Anche in letteratura, l'analisi del denaro come forma sociale ha portato alla luce come il rischio sia connesso all'elemento fiduciario. Per Luhmann il denaro è un G.o.D. (Generator of Diversity), cioè un medium generalizzato di interscambio che, non condizionando il proprio uso a niente, rende ogni azione possibile per chi lo possiede (Martignani, 2009). Ed è da questa potenzialità del denaro che prende vita la questione tra libertà sostanziale (libertà di) e libertà formale (libertà da) sollevata dal sociologo inglese Geoffrey Ingham.

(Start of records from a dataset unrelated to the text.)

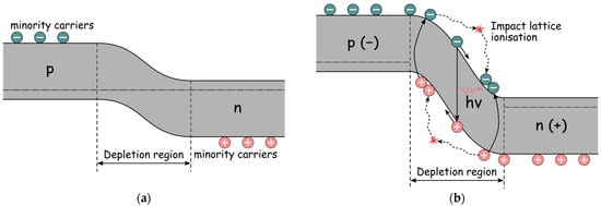 Mechanism of avalanche LED operation without (a) and with (b) bias (adapted from [37]).
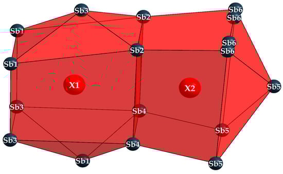 Another substructure within these compounds is that of the antimony–oxygen environment. Most of the Sb3+ cations, together with four oxygen atoms, form trigonal -bipyramids [SbO4]5− (Sb1–Sb5, Figure 12), which are linked to each other either by an edge (Sb2 with Sb3 and Sb1 with Sb4) or by a corner (Sb1 with Sb3 and Sb5 with Sb4, as well as Sb5 with Sb6). In contrast, the (Sb6)3+ cations form ψ1-tetrahedra [SbO3]3− (Figure 12) with only three oxygen atoms each, which in turn are linked to one another via edges (O6···O6). The oxygen atom O7 remains terminal, and both O6 atoms link two open “halfpipes” with two (Sb6)3+ cations each as linkers to form a “double-halfpipe” {[Sb12O19]2−} (Figure 12). Within these so-called “double-halfpipes”, the antimony–oxygen distances range from 197 to 225 pm (plus 254 pm) for La2Sb12O19Br4 and from 192 to 227 pm (plus 256 pm) for La2Sb12O19I4, which agree quite well with literature values of d(Sb–O) = 198–202 pm (plus 251 and 262 pm) in valentinite (β-Sb2O3) [27] and come slightly higher than d(Sb–O) = 198 pm (3×) in senarmontite (α-Sb2O3) [26], but show a high degree of diversity.
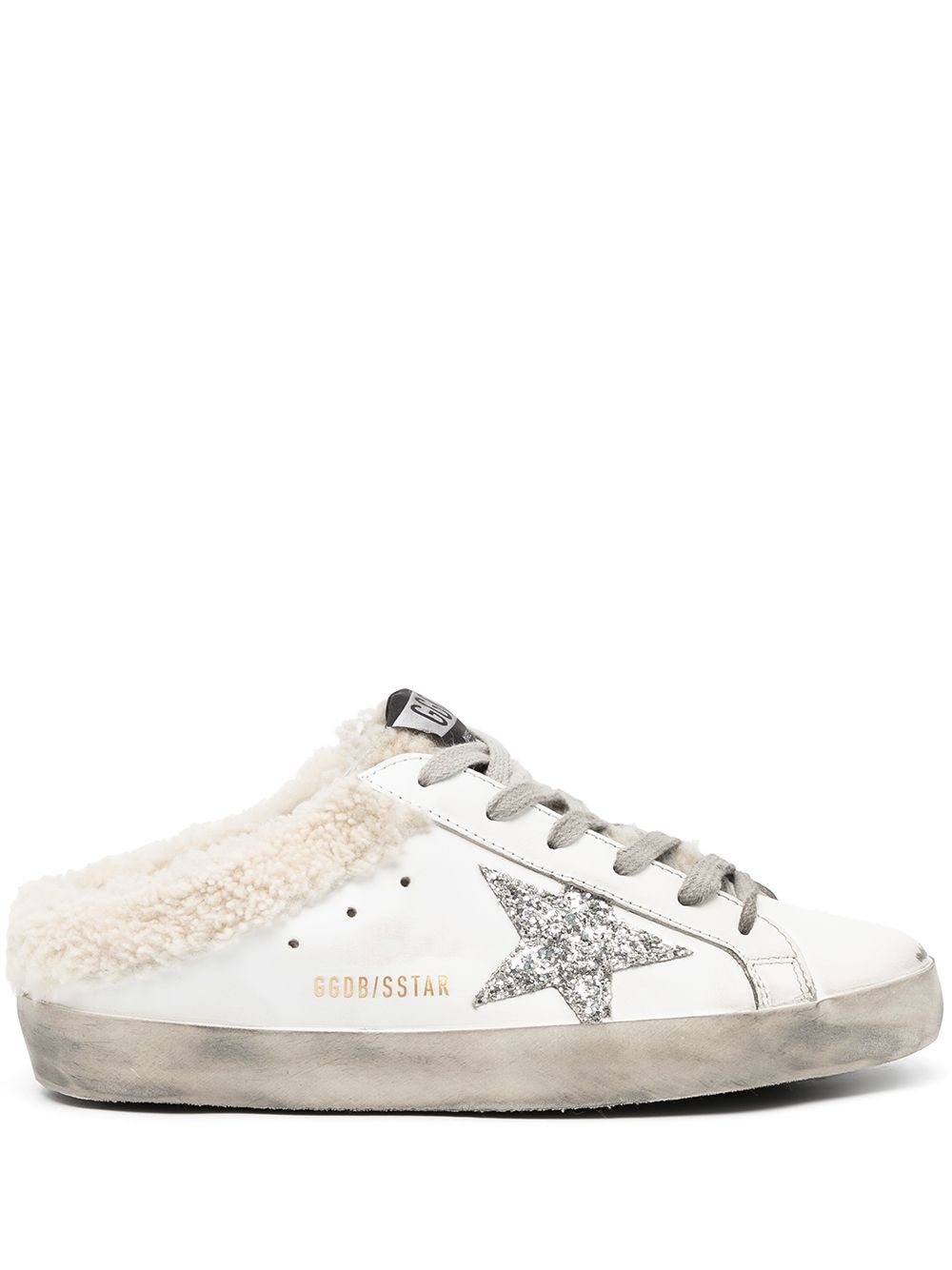 Super-Star Sabot shearling-lined sneakers off-white leather front lace-up fastening signature star patch to the sides shearling lining flat rubber sole Made in Italy Composition Outer: Calf Leather 95%, Polyester 4%, Polyethylene Terephthalate (PET) 1% Lining: Sheep Skin/Shearling 76%, Calf Leather 24% Sole: Rubber 100% SIZE & FIT Measurement HEEL 0.78 in(2 cm)
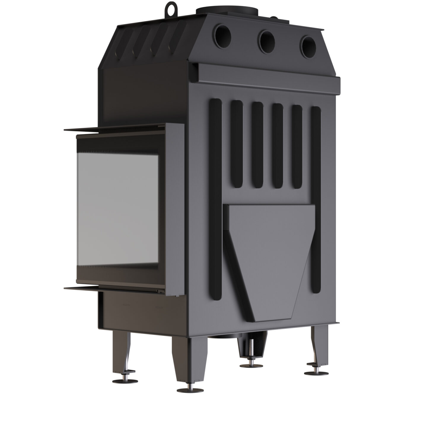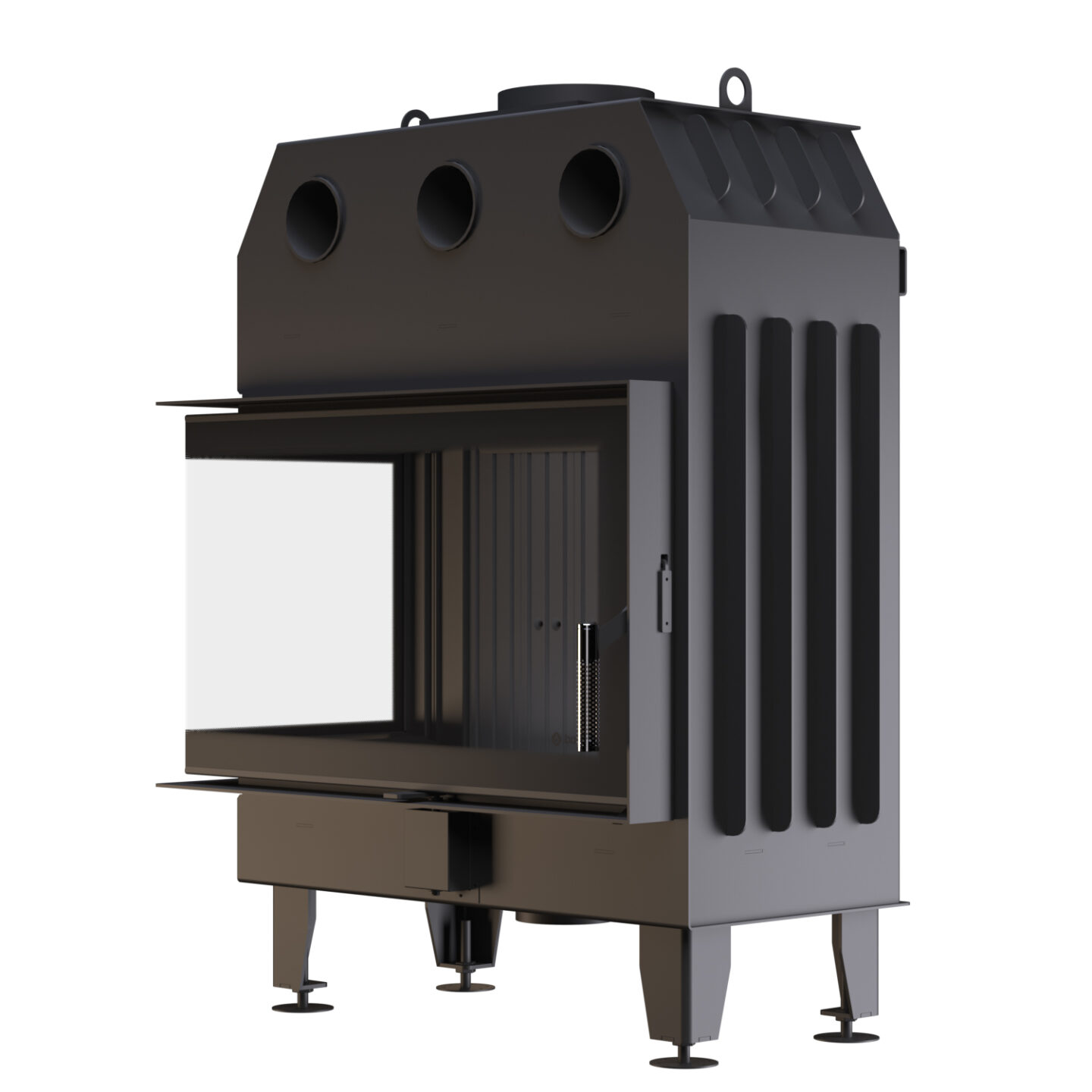 Кутове скло Schott Robax (4 мм): Надійне німецьке скло, стійке до температур до 760°C, що забезпечує безпеку та чіткий огляд полум’я.
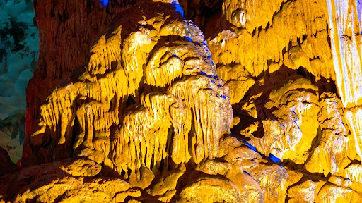 Vietnam has many attributes of history within it. To name a few, it has ancient culture, a history of warfare and military activities, geographical and topographical variety and the UNESCO world heritage wonder – the Halong Bay, with a unique feature of numerous limestone karsts emerging from the sea bed appearing like, what the legend has, the dragon’s teeth. Tourists have to take a cruise boat to sail through the karst infested lake of sea water. These karsts big as well as small are also called islands. It is on one such island named Bo Hon that the Cave of Surprises is located. This was discovered by a French man in 1901 (the French have a deep rooted connection with the Vietnamese. But that’s another story) and opened to tourism some 92 years later on.
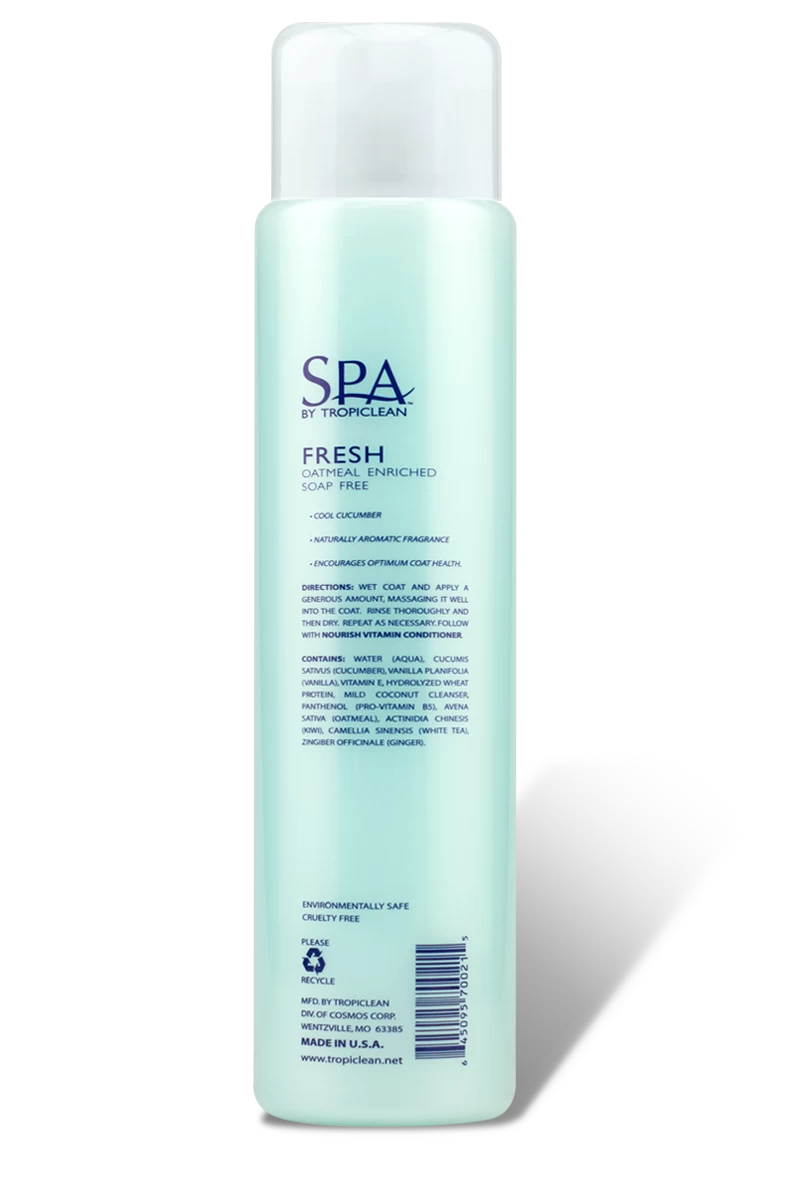 - SPA FRESH – A moisturizing shampoo for dogs that’s packed with ingredients that provide a surge of long lasting hydration with each wash.

In questo senso, il denaro porta su di sé il peso della sfida tipica della modernità, in cui i soggetti esperiscono quotidianamente le contraddizioni relazionali insite nel passaggio da forme di fiducia personali, ad forme di fiducia impersonali. Ed abbiamo già visto come il concetto di denaro sciolto da ogni vincolo che

contraddistingue il RdE rappresenti un artificio che fa emergere con forza queste contraddizioni morali. Il rischio, la fiducia, la libertà ed il controllo divengono così gli elementi fondamentali che caratterizzano il rapporto redistributivo mediato dal denaro. Dunque, questi elementi sono essenziali anche per comprendere il modo con cui l'esigenza della reciprocità si manifesta all'interno di un dato ordine morale. La libertà potenziale che il denaro del RdE porta con sé comporta un elevato tasso di fiducia impersonale che in alcuni dei nostri soggetti ha costituito un rischio molto grande per l'esigenza di reciprocità che contraddistingueva il loro modo di percepire il mondo comune della redistribuzione. Questo rischio si è perciò esplicitato in giustificazioni che esprimevano un bisogno di sicurezza e rassicurazione sugli esiti del rapporto redistributivo in presenza di RdE. L'insicurezza che un denaro ab-solutus porta con sé, come è quello del RdE, colpisce i soggetti direttamente al cuore del rapporto tra la dimensione simbolica e quella materiale delle reciprocità. Il precario equilibrio tra il senso che l'uomo attribuisce al lavoro che deve svolgere nella perpetua lotta contro la necessità e la legittimazione dell'ordine sociale su cui poggia l'organizzazione che si è dato per svolgerlo entra in crisi. Ad un livello talmente impersonale come quello che contraddistingue i rapporti redistributivi odierni, la sola possibilità che i bisogni primari legati alla sopravvivenza possano essere soddisfatti senza la garanzia esplicita di una forma di reciprocità ha gettato alcuni attori in uno stato di insicurezza tale da rende anche solo l'idea di un RdE inimmaginabile e profondamente ingiusta.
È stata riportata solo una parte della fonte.